Stored entries
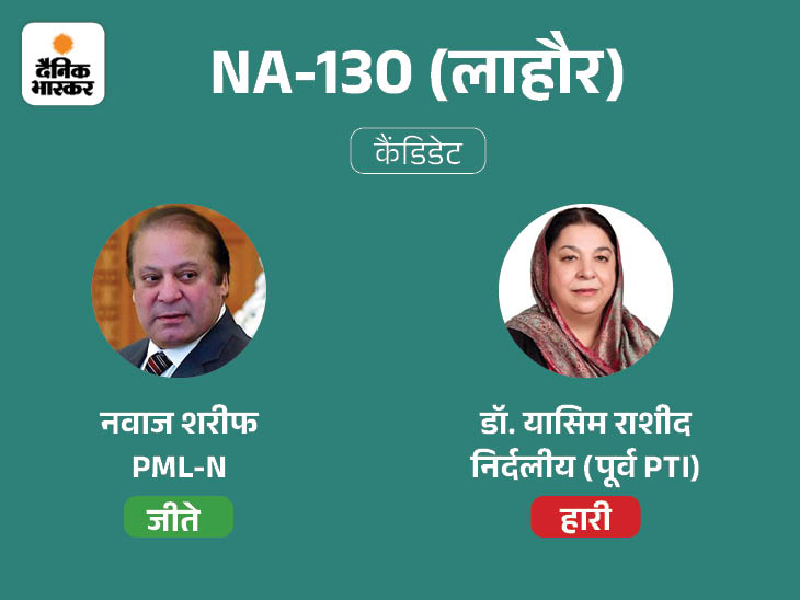 PMLN लाहौर की NA 130 सीट पर नवाज शरीफ की जीत का दावा कर रही है। हालांकि, चुनाव आयोग ने अब तक यहां से आधिकारिक नतीजा घोषित नहीं किया है। PMLN ने इससे पहले मनसेहर सीट NA-15 से भी जीत का दावा किया था। लेकिन जब चुनाव आयोग ने नतीजे घोषित किए, तो नवाज यहां से हार गए।
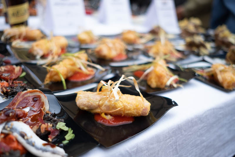 Espárrago autóctono rebozado envuelto en jamón york y queso Edam, con virutas de puerro y la tradicional salsa vasca de pimiento de Piquillo.
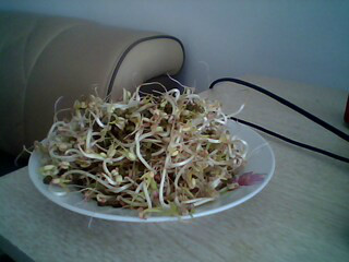 6、哈哈,这就是我发好绿豆芽的样子。由于刚开始没有经验,而且我和儿子总打开看,就伤热了,变红了。
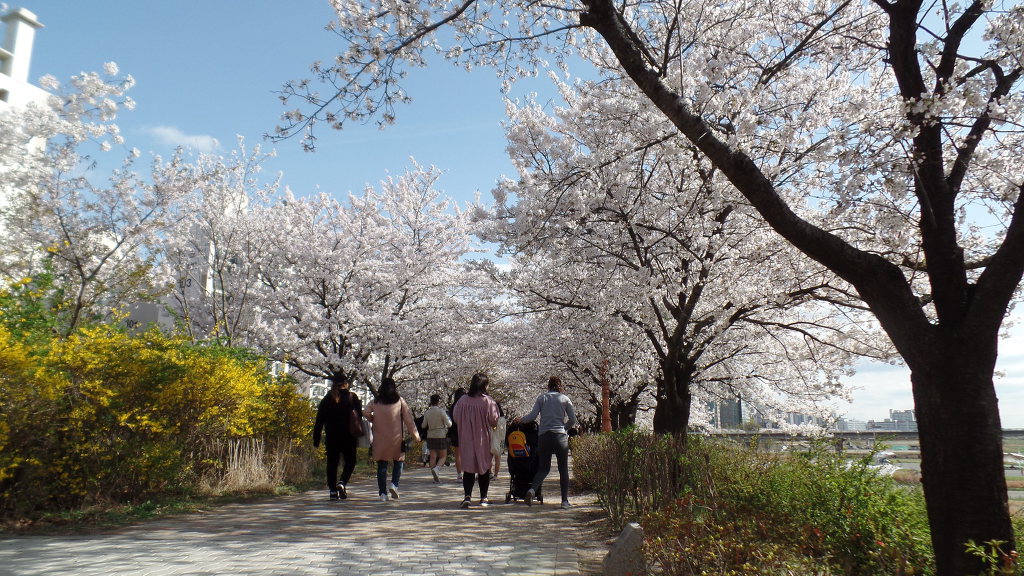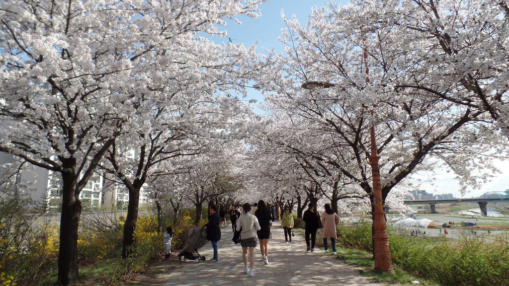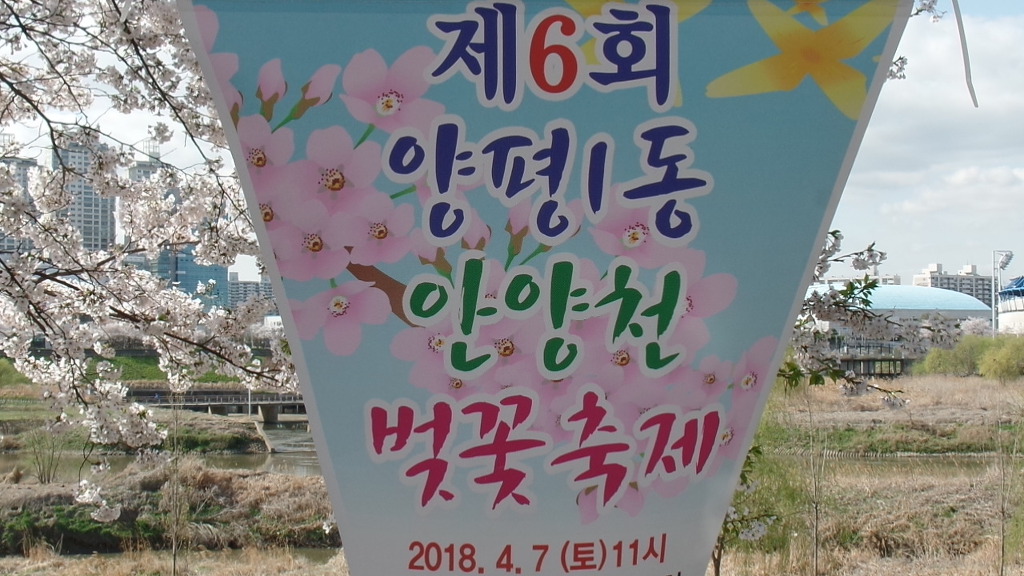 두근두군 꽃피는 봄, 안양천 뚝방길을 따라 일제히 분홍빛 물감을 흩뿌려 놓은 안양천에는 가족, 연인 그리고 친구들과 함께 봄의 정취를 만끽하며 걷는 모습을 볼 수가 있다. 2018년 4월 7일(토) 제6회 양평1동 안양천 벚꽃축제가 오목교 아래 안양천 둔치 일대에서 열린다고 한다.
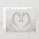 Svanar adorn de här bröllop spara datum-vykorten som ger ett romantiskt utseende. Underbar för särskilda tillfällen. Lägg bara till dina monogram och spara datuminformationen. Du kan också använda mallen för att lägga till mottagarens namn och skicka adress för att skriva ut den direkt på kortet (eller välja ett annat alternativ). Använda mallen för att skapa ditt eget romantiska vykort för svan bröllop spara datum.
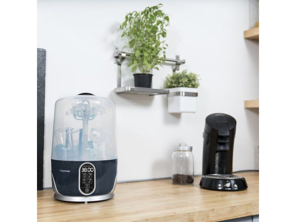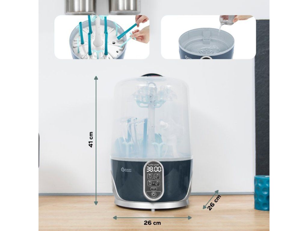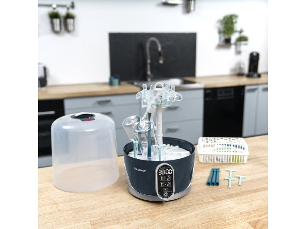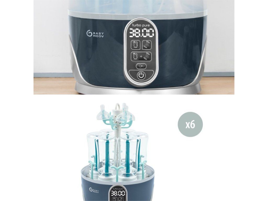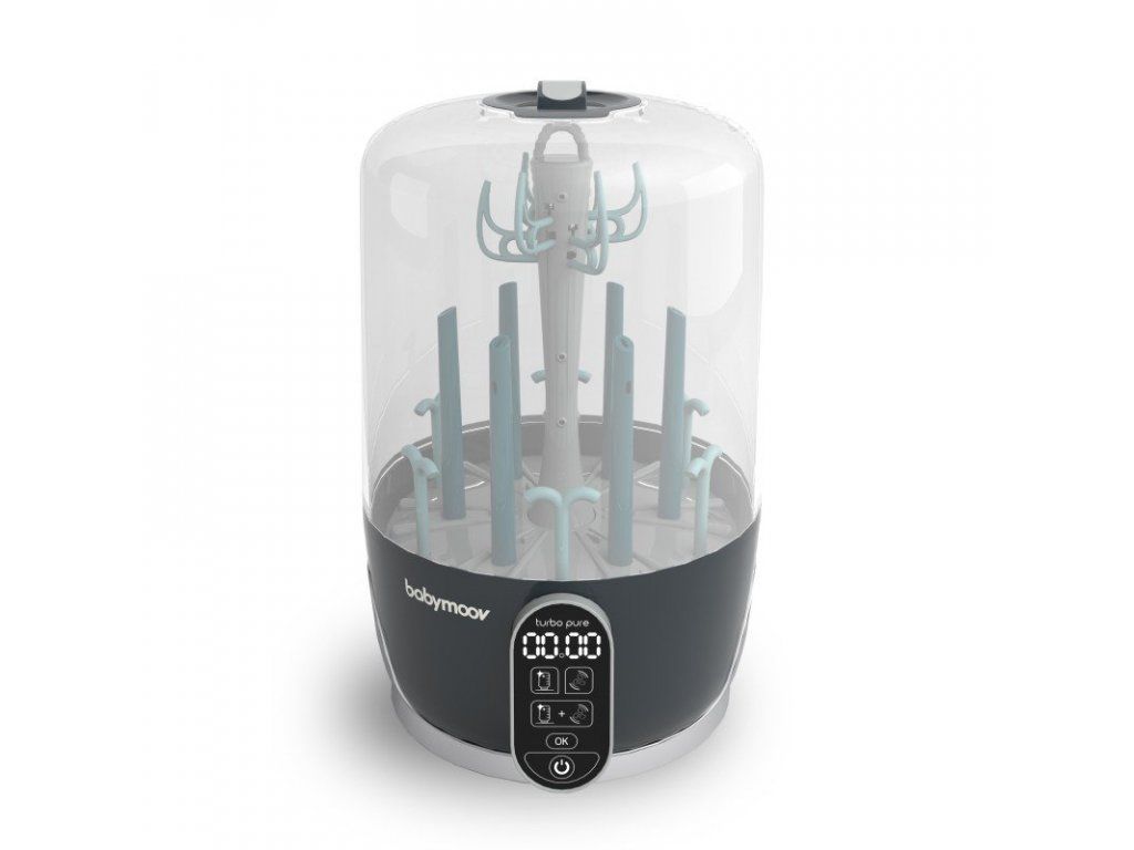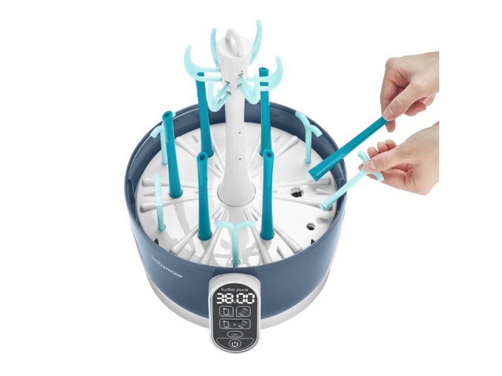 95°C prírodné pary vyrábanej prístrojom Turbo Pure eliminuje i tie najviac odolné baktérie (99%), pachy a nánosy vápnika z mlieka. Parné ramená (tmavo zelená) sú odnímateľná, čo umožňuje jednoduché rozmiestnenie fliaš a príslušenstva. Môžete naraz sušiť až 6 detských fliaš, cumlíky, odsávačky a ďalšie príslušenstvo kompatibilné so sterilizáciou. Vďaka cyklu all-in-one (sterilizácia + sušenie), sú všetky vaše potreby vyčistené a vysušené bez potreby manipulácie či prenosu, čo predstavuje malé alebo nulové riziko vonkajšieho znečistenia.
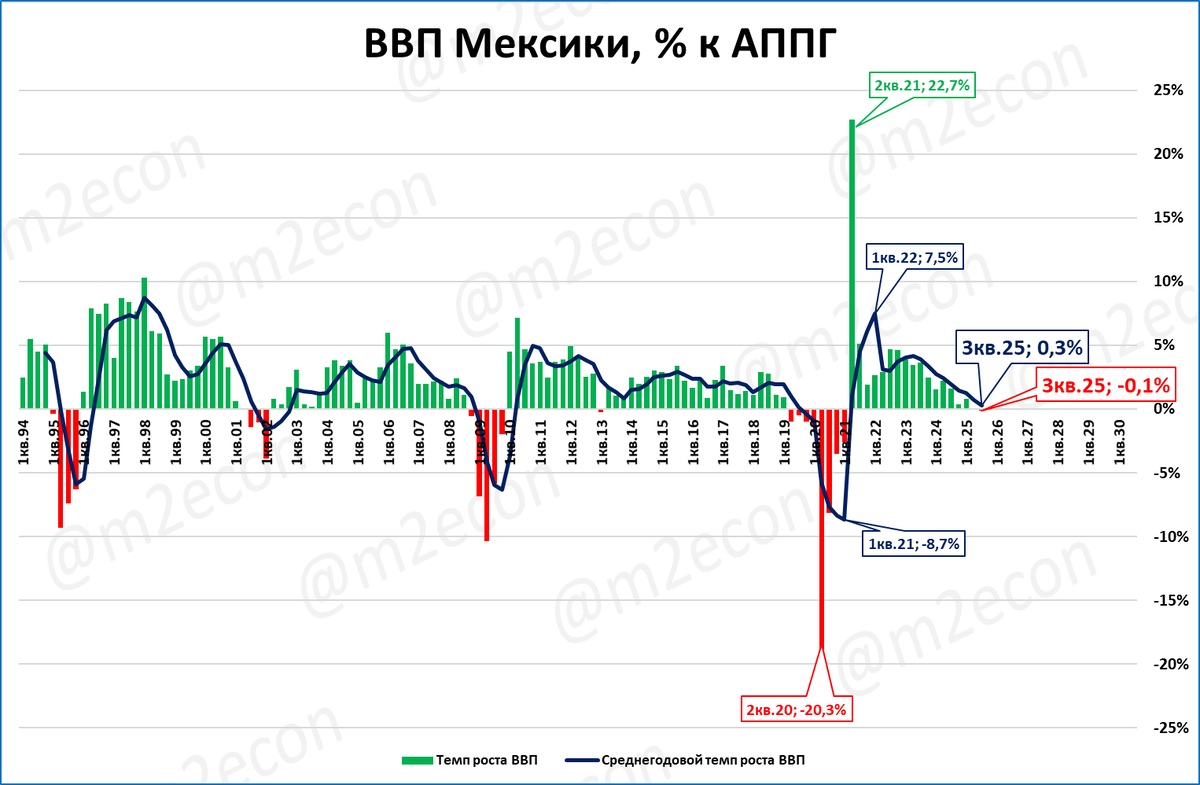Мексика: ВВП падает, РДМ растёт
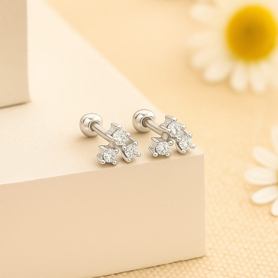 Ces boucles d'oreilles Célestine en plaqué or 18 carats et en argent 925 sont à la fois élégantes et durables. Leur design unique permet de les utiliser comme piercing avec leur fermoir à vis, offrant sécurité et confort. Un ajout parfait à n'importe quelle tenue.
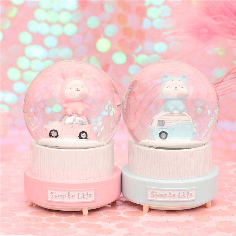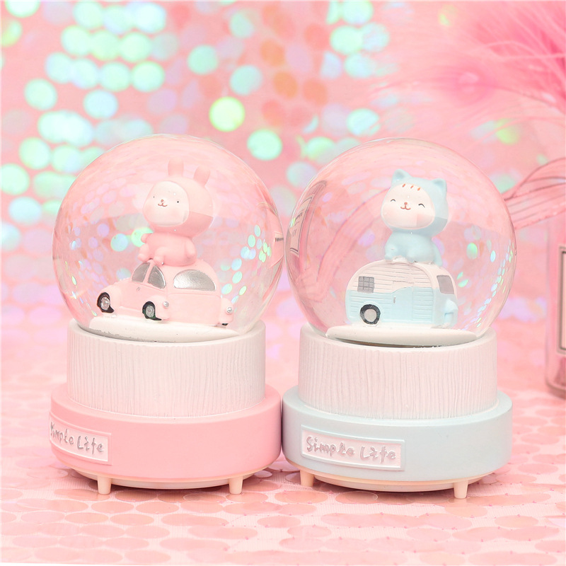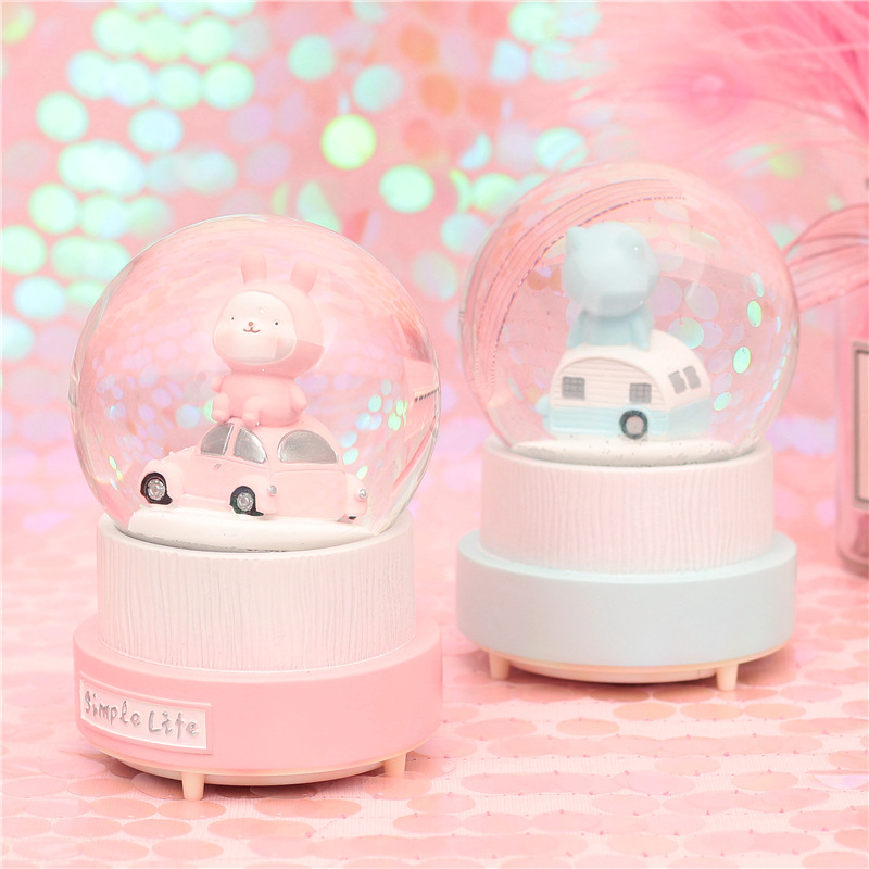 外贸专供汽车卡通小兔子水晶球发光礼物送儿童礼品客厅卡通小夜灯
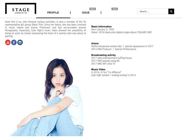 لاحظ المعجبين أن جيسو (Jisoo) عضوة فرقة بلاكبينك (BLACKPINK) قد أُزيلت من صفحة YG Stage وهي وكالة فرعية تابعة لوكالة YG الترفيهية ومتخصصة في إدارة الممثلين.
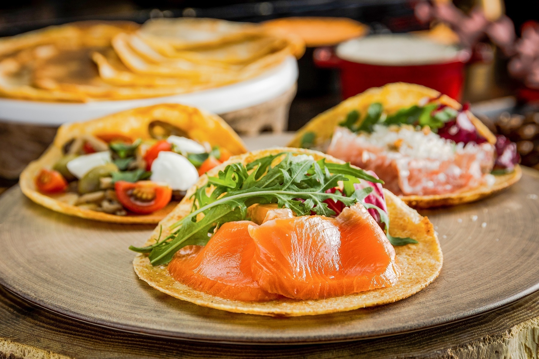 ホロホロとほどける食感に仕上げた「胡椒を効かせた牛肉と根菜の赤ワイン煮込み“ペポーゾ”」やお好きな具材を取り、自身で巻いて食べるのが楽しい「オリジナル クレスペッレ」など、取って楽しい、食べて美味しい、XEX TOKYOのブッフェをお愉しみください。
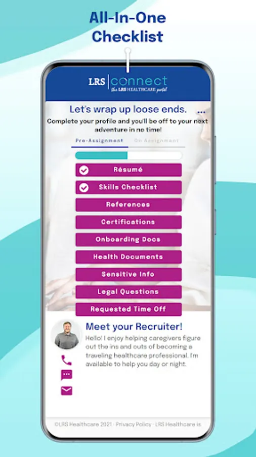 Not only does it make the process simple for our caregivers, but it expedites the application process for our team of recruiters and credentialing specialists. LRS Connect makes the transition to your next big adventure as smooth as possible.
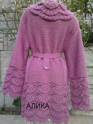 10ряд - 1 лиц, * 1 лиц, накид - четыре раза, провязать лицевую иизнаночную вместе лицевой за заднюю стенку, 1 изн - пять раз, 1 лиц,накид - четыре раза*, 2 лиц
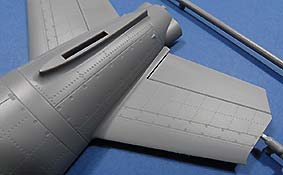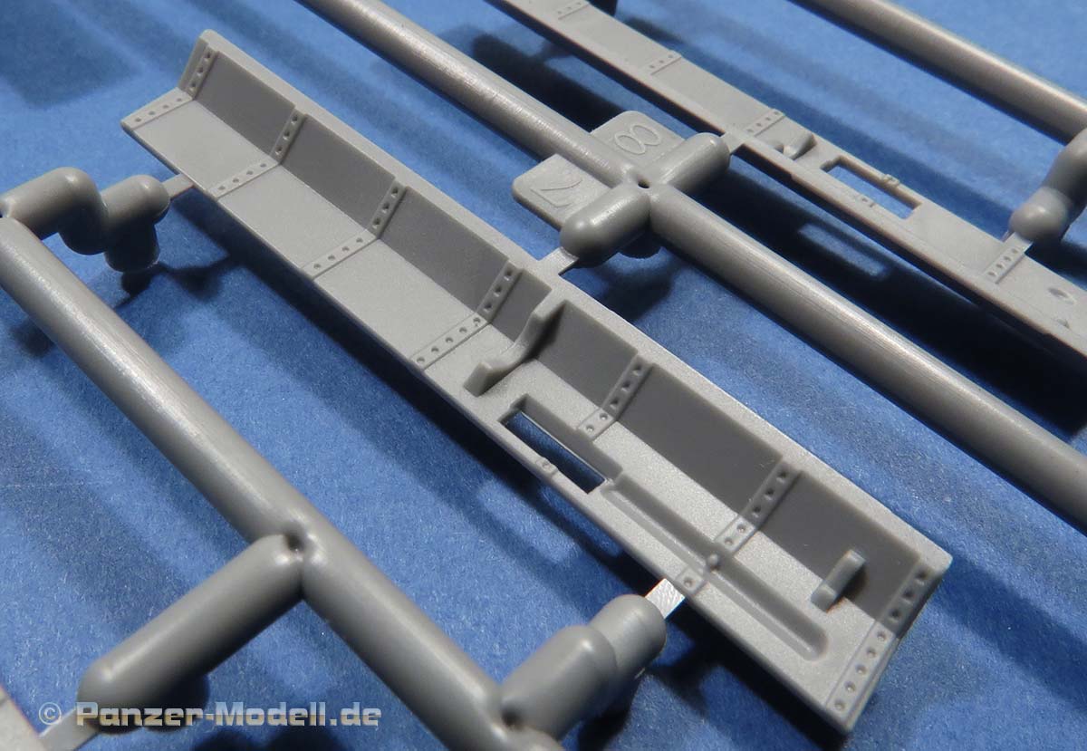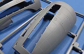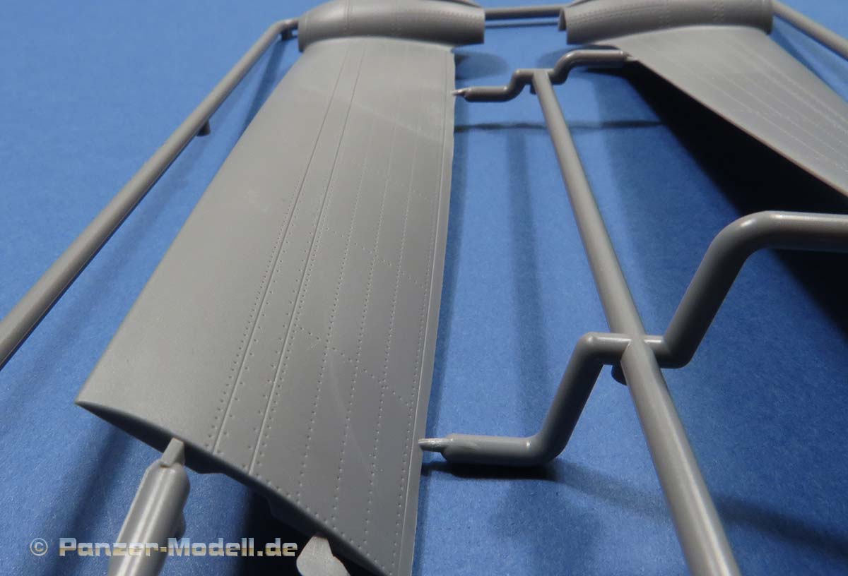 Der Rest der Oberflächenstrukturen ist phänomenal fein detailliert mit hunderten von Nieten, sauber und fein dargestellt. Die Rumpfteile seitzen sich aus jeweils zwei Halbschalen zusammen.

# Exercise
Copy only what lies between the line with "外贸专供汽车卡通小兔子水晶球发光礼物送儿童礼品客厅卡通小夜灯" and the line with "لاحظ المعجبين أن", those two lines included, exactly as given above; pictures stay out.

# Task output
 外贸专供汽车卡通小兔子水晶球发光礼物送儿童礼品客厅卡通小夜灯
 لاحظ المعجبين أن جيسو (Jisoo) عضوة فرقة بلاكبينك (BLACKPINK) قد أُزيلت من صفحة YG Stage وهي وكالة فرعية تابعة لوكالة YG الترفيهية ومتخصصة في إدارة الممثلين.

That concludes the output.